# How do I use an Indicol to indicate a hole?



## HMF (Dec 28, 2011)

*Indicol question* 
                                                    Do I clamp it to the spindle of a milling machine? Then what?


Any photos would be a great help!


Thanks,


Nelson


----------



## Tony Wells (Dec 28, 2011)

Well, I don't own one, so someone else will have to do the photos, but I have used one a time or two. After you clamp it to the spindle nose where it can rotate with the spindle, put a DTI on the dovetail and manipulate the arms to get the indicator just above the hole. Position it near the edge of the hole and turn the spindle by hand so that the indicator point swings in a circle just above the hole. Move the table and adjust the swept diameter until it is close to fitting into the hole. When you think it will fit, lower the quill until the indicator is just inside the hole, then continue turning the spindle and observing the readings. Move the table until you get the same readings all around. If the hole isn't round, you have to settle for the same readings diametrically opposed.


----------



## Highpower (Dec 28, 2011)

I've got one, but it's a little too late for me to set up and take pics tonight. If no one else posts before tomorrow I'll take some then.


----------



## Highpower (Dec 29, 2011)

Ok, here are a couple of (poor quality) pictures of a couple of different set-ups. Sorry, but I'm obviously not a photographer and my camera was outdated years ago.  
One with the usual spindle "clamp on" mount - and one with a stud adapter that can be used in a collet or drill chuck.

Tony already described the process above. One thing to keep in mind is that works on _outside_ diameters as well, for centering round stock under the spindle. I also threw in a picture of a co-ax indicator as well for comparison. It works basically the same way _but_ it works while the spindle is _under power_. You *don't* run the mill when using a DTI!!! Turn the spindle by hand only.

I prefer to use a vertical DTI whenever possible using an Indicol. It makes it easier to read the dial while rotating the spindle. You *can* use a horizonal DTI but you will need to stretch your head around to the back of the spindle to read the dial as it goes around - or use a mirror.
When using a co-ax indicator the dial stay stationary while the stylus rotates - making it the easiest to read of all.


----------



## HMF (Dec 30, 2011)

The tram of a mill is being checked here using an .0005" indicator in an indacol by sweeping table. It is found to be out .002" side to side. This was corrected and rechecked.


----------



## HMF (Dec 30, 2011)

Here is a photo of an indicol being used to find the center of a horn bell prior to machining.
You never have to remove the cutter to indicate center on a part.


----------



## Tony Wells (Dec 30, 2011)

To me, that's the big selling point to the indicol. You don't have to remove the tool every time. Just the ones that are really big, like shell mills or larger inserted cutters. Drill chucks and end mills pose no problem.


----------



## Tom Griffin (Jan 21, 2012)

Another quick and dirty way to "indicate" a hole is to use an edge finder. Just pick up opposite sides of the hole and use the center function on your digital readout to center it up. It's surprisingly accurate and very quick.
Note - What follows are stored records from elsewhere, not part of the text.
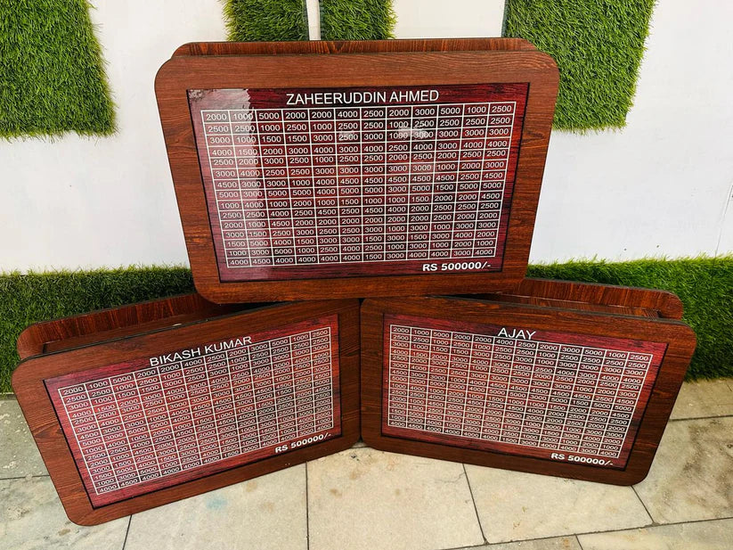 Achieve your financial goals with this beautifully crafted wooden money saving box. Designed to motivate consistent savings, it comes with a tracking paper that allows you to mark your progress each time you deposit. With a maximum capacity of ₹1,00,000, this piggy bank is perfect for teaching children and inspiring adults to build strong money habits.
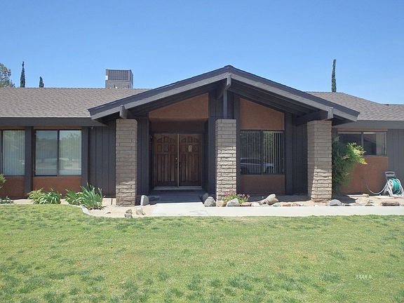 Double door covered entry opens to LARGE sunken living rm w/wrought iron railings;view to the west!Cross over to formal dining rm. Proceed to '2019 remodeled kitchen:recessed LED lighting, even one over sink!Cabinets just refinished; tile counters. Continue to generous family rm w/virgin fireplace w/hearth(plumbed for gas) & glass patio doors to view the outside. On the way to the garage, pass thru laundry rm w/lots of cabinets & built in desk. Gas & electric hookups:door to backyard!Back to the entry, turn left down the hall to guest bathrm w/solid surface counter w/integrated sink:door separates toilet & tub/shower for privacy.Two spacious guest bedrooms on the left.Floor to ceiling cabinets at end of hall.To right is HUGE master suite w/cathedral ceiling;walk in closet w/attic access. Mstr bath has one sink & separate room for lge shower w/glass drs. All ceilings are finished:no popcorn! Automatic sprinklers on timer. Dual pane windows with vertical blinds.Garage has insulated door & opener.New HVAC Coleman 14 seer unit 1 year old! '18 house was color coated and fascia painted.Custom double metal gates
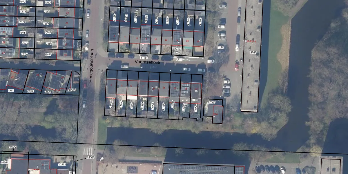Voornsehoek 13 is gelegen op kadastraal perceel ASV00H11997. Deze kadastrale aanduiding is uniek en wordt gebruikt door het Kadaster om eigendomsrechten en andere zakelijke rechten vast te leggen. Het perceel maakt onderdeel uit van de kadastrale gemeente Amstelveen.

Highpower: I also have one of those axial indicators and they work very well, but I feel guilty every time I use it. It just seems so excessive. ;

Tom


----------



## Tony Wells (Jan 21, 2012)

Tom,
 I know people who use those axial indicators who don't trust them within 0.002". What is your experience with them?


----------



## Tom Griffin (Jan 21, 2012)

Tony,

Mine is the original Blake brand and it works great. It's probably the knock-offs that people are complaining about. The market is literally flooded with cheap, low quality imitations of just about every successful U.S. made product. I've been on a serious buy U.S. made product push lately. It's getting downright alarming how much made in China garbage there is on the market these days.

Sorry about the rant. 

Tom


----------



## McRuff (Jan 22, 2012)

Two thing  that should be pointed out. 
1 - When using an Interapid indicator, put the stem in the hole on the end of the Indicol clamp where your dovetail is, thats one of the reasons people buy and use Interapids.
2 - Never tram a mill by running the indicator directly on the table, place it up off the table and swing it over a hardened 1-2-3 block or such, move the block around to the 4 corners as needed, this helps take the error out of the tram reading from dings or scraping marks on the table, it basically averages them out.


----------



## ddickey (Oct 5, 2017)

Can you use an Indicol to tram the head of a mill? Since you don't clamp it into the spindle there can be errors,no?
I just tried an Indicol and got .004" difference.
Then I used a .250" rod that I bent a little for DTI clearance in an R8 collet  and got .0002" over ~ the same distance. The only difference was that the table was higher with the Indicol.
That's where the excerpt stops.